Liam moved the beer bottle around to her cheek and pressed it against her damp skin. Her fans were crowding the stage, waiting for her to step down. Waiting to mob her. He opened the beer and offered it to her; she grabbed it and drank.

“How does it feel to be a rock goddess?” he asked. He probably expected her to stammer, to protest, because “rock goddess” was laying it on thick and they both knew it.

But what she said was “It feels fantastic.”

Because it did, and she never wanted this feeling to end.

She took another long drink and put the beer back into his hand. He paused as if waiting for her to thank him for the beer or the compliment, but instead she turned, and, without warning, jumped off the stage, swan-diving right into the waiting arms of the crowd with a confident arrogance that surprised even her sometimes.

Liam looked on as her fans passed her lithe body overhead, never letting her come close to hitting the ground. She shrieked in delight as she bounced among them, her weight supported by their arms. When they finally put her down, gently and on her feet, the line of people who wanted to talk to her, to buy her a drink, was at least ten deep, and she forgot all about Liam.

Months later, Liam would tell her that the night she jumped off that stage was the night she’d intrigued him so much he decided that he simply had to know more about her.

When Layla was onstage, microphone in hand, the crowd gazing up at her, she was awfully shiny, too.

Maybe shinier than Suzanne, even.

Every man in that bar would have agreed that Suzanne was beautiful, but Layla was the one everyone—man or woman—came to see.

 

 

chapter 8

 

Josh


Justin, one of Josh’s older brothers and a former self-proclaimed bachelor for life, met a woman he couldn’t live without, and suddenly marriage was the greatest, most awesome thing in the world. Josh had listened patiently over beers one night as Justin blathered on like a lovesick fool. Josh didn’t have the heart to tell him it was early days, partly because he and his brother were close, and partly because Josh still remembered being so stupidly in love that putting a ring on it seemed like the only gesture grand enough to honor the way he felt about Kimmy. He didn’t regret it, but if he’d had a crystal ball and even the slightest bit of impulse control, he might have had a completely different life. He’d been thinking about that a lot lately.

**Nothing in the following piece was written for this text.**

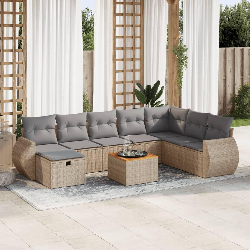 9 peças conjunto de sofás para jardim com almofadões vime PE bege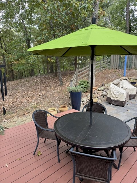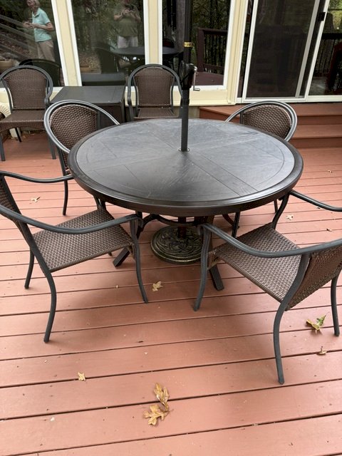 Cute Outdoor Table with 6 Chairs and a lime green umbrella

Justin and his fiancée were getting married next Saturday night in a large ornate church in her hometown. It was a four-hour drive, so they’d be making a weekend of it and coming back home Sunday morning after brunch. Sasha overheard Josh making the arrangement to board Norton. “Dad!” she cried the minute he hung up the phone. “Norton has to come with us. We can’t leave him behind.” In the weeks that had followed Norton becoming a part of their household, Sasha had fallen hopelessly in love with the dog. When Sasha was at Josh’s house, Norton could always be found by her side.

“I don’t think your uncle Justin, or his bride-to-be, would go for that. It’ll be okay. The place is really nice. We can sign him up for extra walks. They even have dog cookies.”